I would say I'm encouraged because Barnard has accommodated me better than I'd say pretty much any other institution I've ever been a part of, particularly in an educational sense. A big, kind of the most fundamental factor for me in the college search process, was physical accessibility and meeting with accessibility services teams. Many of the colleges that I was deciding between, their accessibility services team would refuse to meet with me until I committed to the institution and sent in my documentation. They would not meet with me to discuss accommodations, nothing. And I mean, generally speaking, the thing that popped into my head, you know, well, why? Because the only thing I could think of is they don't want to talk to me about my needs because they know they can't meet my needs. They know they can't be accessible. But Barnard was the only accessible resources team that I met with once before I officially committed. Just being able to meet with someone and being able to have the discussion of like, “What are some of the accommodations that you could offer potentially? Starting to have those discussions made me fundamentally more comfortable and it made me feel more supported and welcome. It gave me some peace of mind. 

 

Another thing that happened to me at Barnard that never happened at the other schools I had applied to, was I was actually able to tour with a group of people. At every other school, I was given a separate, “accessible” campus tour. Barnard was one of the only schools, if not the only school where I could where I like like, oh, I can make this work, you know, in a way that would work for me.

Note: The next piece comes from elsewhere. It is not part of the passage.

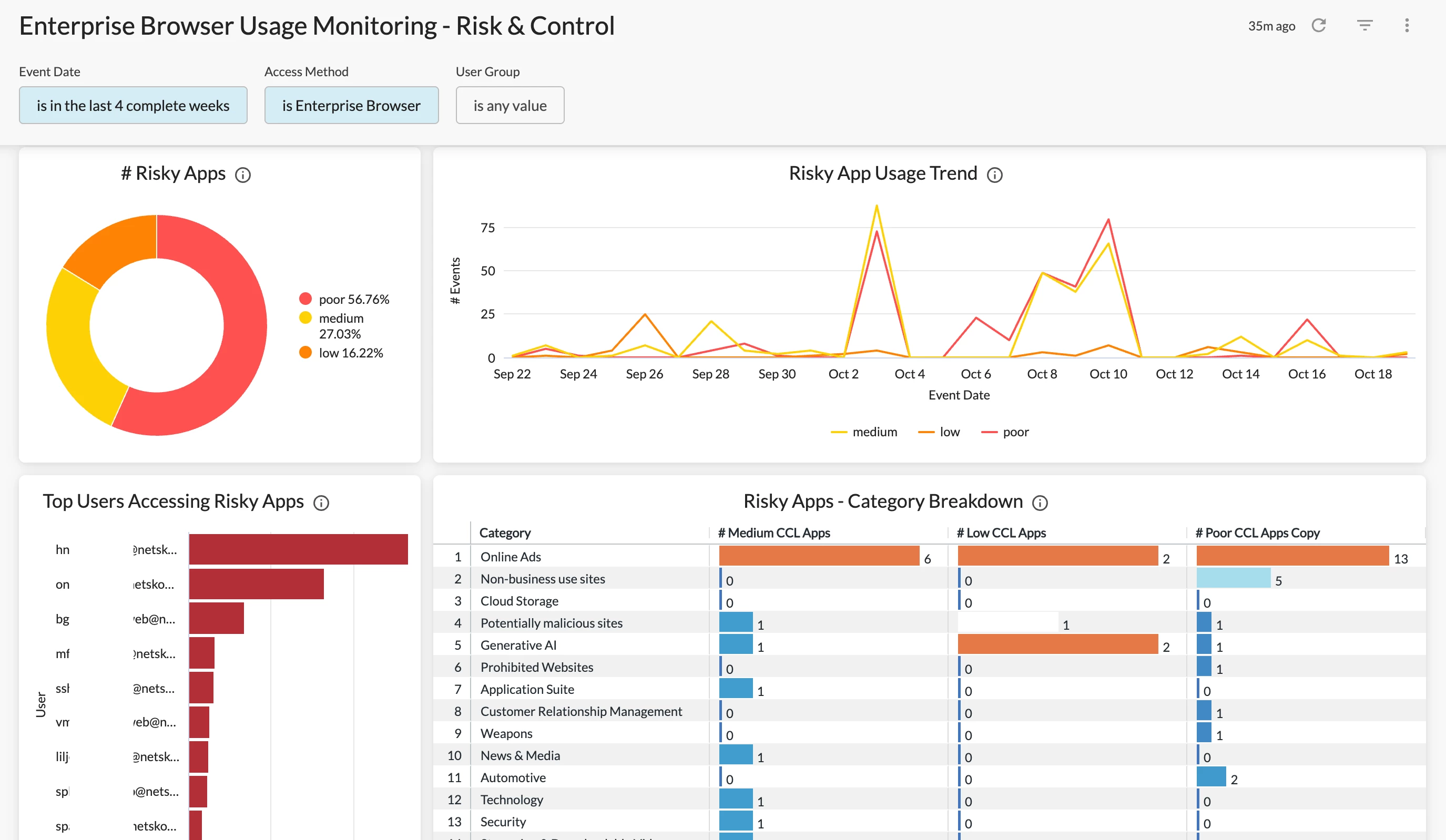 - What unmanaged & risky apps are being accessed in your environment through Enterprise Browser

And I'm glad it worked out, but I think there's other things that we could talk about with that, because obviously Barnard is a really, really selective school. And I mean, obviously, I have not toured every school. I haven't researched every school. But if Barnard was one of the few that was accessible, you have to be fairly high-achieving to get into Barnard. So it’s like, do you really have to be one of the best in your class and be exceptional to be deserving of access? No one should have to be exceptional or good at something to be deserving of accessibility.